# Introduction to Tabular Data: The Tips Dataset

In this notebook, we will explore a sample data set called **Tips** from Seaborn. This data set contains information from a restaurant, including details about bills, tips, and customer data.

## About the Libraries: pandas and seaborn

In Python, we use libraries to add extra functionality beyond the built‐in features. Two important libraries for data analysis are:

- **pandas (imported as `pd`)**: A powerful library for data manipulation and analysis.

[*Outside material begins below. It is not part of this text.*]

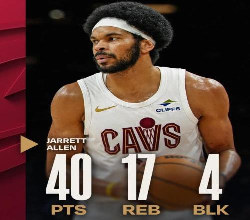 這場比賽,騎士中鋒賈萊特阿倫打出了驚人表現(xiàn):全場只打了29分30秒,投籃23中16,罰球12中8,拿下40分17籃板5籃板4蓋帽2搶斷,沒有一次失誤,正負(fù)值高達(dá)+25。

It provides a DataFrame data structure (similar to a spreadsheet) that makes it easy to work with tabular data.

- **seaborn (imported as `sns`)**: A library for creating statistical graphics and visualisations. It also includes built‐in data sets (like the Tips data set) which are ideal for learning and practice.

We use the aliases `pd` and `sns` to write code more concisely. For example, instead of writing `pandas.DataFrame()`, we use `pd.DataFrame()`.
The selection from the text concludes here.